(Items from a data source)
* * * * * * *
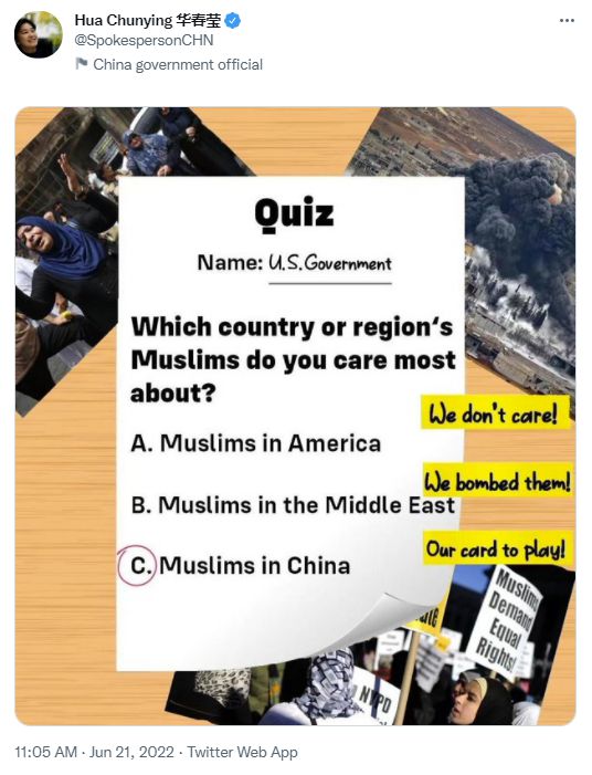 北京时间6月21日11时05分,华春莹先贴出一张图片,上面写道:小测验,名字:美国政府。测验的问题是:“你们(美国政府)最关心哪个国家或地区的穆斯林?”答案有三个选项:A选项是“在美国的穆斯林”,旁边配有一句话“我们(美国政府)不关心!”;B选项是“在中东的穆斯林”,旁边写着“我们轰炸他们!”而C选项是“在中国的穆斯林”,旁边写着“我们要打的牌”。图上画着圈圈的是C选项,显然意指美国政府“最关心”在中国的穆斯林,其“以疆制华”的政治图谋昭然若揭。↓
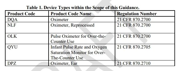 1、設備描述:設備適用范圍增加了產品代碼為QYU,OLK的血氧儀,其中QYU為非處方嬰兒脈率和血氧飽和度監(jiān)測儀,OLK為非處方使用的脈搏血氧儀。適用的血氧儀設備產品代碼見下表。
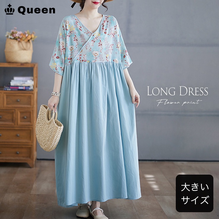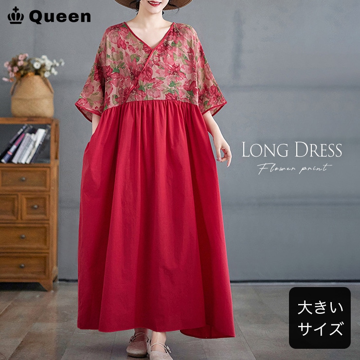 大きいサイズ レディース ワンピース 花柄ワンピ 半袖 Vネック 切り替えワンピ カシュクール 夏 50代 40代 (249719...
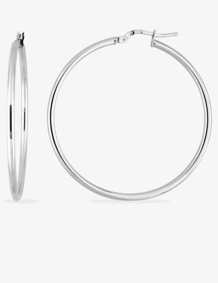 Boucles d’oreilles créoles lisses de 40 mm de diamètre, en or blanc 375‰ (9 carats) composées d’un fil d’or creux de 2 mm. Ces boucles d’oreilles ont un poids moyen d’or de 2 g et un système de fermeture avec charnières.Des créoles ultra-féminines et indémodables.
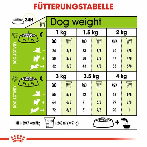 Ist Ihr kleiner Hund schon in die Jahre gekommen? Dann möchten Sie natürlich, dass er so lange wie möglich fit und vital bleibt. Royal Canin X-Small Ageing 12+ ist ein spezielles Futter für ältere, sehr kleine Hunde mit einem Körpergewicht von bis zu 4 kg. Dieses Trockenfutter kann in Wasser eingeweicht werden, damit Ihr Hund es leichter aufnehmen kann. X-Small Ageing 12+ unterstützt die Verdauung und das Herz Ihres treuen Begleiters. Die spezifischen Nährstoffe in diesem Hundefutter helfen zudem, die Bildung von Plaque und Zahnstein zu reduzieren.
* * * * * * *
Please write out exactly the lines starting at the one that contains "1、設備描述:設備適用范圍增" and ending with the final line of the entries, both ends included. Do not write out any pictures.

* **RESPONSE BOX**:
 1、設備描述:設備適用范圍增加了產品代碼為QYU,OLK的血氧儀,其中QYU為非處方嬰兒脈率和血氧飽和度監(jiān)測儀,OLK為非處方使用的脈搏血氧儀。適用的血氧儀設備產品代碼見下表。
 大きいサイズ レディース ワンピース 花柄ワンピ 半袖 Vネック 切り替えワンピ カシュクール 夏 50代 40代 (249719...
 Boucles d’oreilles créoles lisses de 40 mm de diamètre, en or blanc 375‰ (9 carats) composées d’un fil d’or creux de 2 mm. Ces boucles d’oreilles ont un poids moyen d’or de 2 g et un système de fermeture avec charnières.Des créoles ultra-féminines et indémodables.
 Ist Ihr kleiner Hund schon in die Jahre gekommen? Dann möchten Sie natürlich, dass er so lange wie möglich fit und vital bleibt. Royal Canin X-Small Ageing 12+ ist ein spezielles Futter für ältere, sehr kleine Hunde mit einem Körpergewicht von bis zu 4 kg. Dieses Trockenfutter kann in Wasser eingeweicht werden, damit Ihr Hund es leichter aufnehmen kann. X-Small Ageing 12+ unterstützt die Verdauung und das Herz Ihres treuen Begleiters. Die spezifischen Nährstoffe in diesem Hundefutter helfen zudem, die Bildung von Plaque und Zahnstein zu reduzieren.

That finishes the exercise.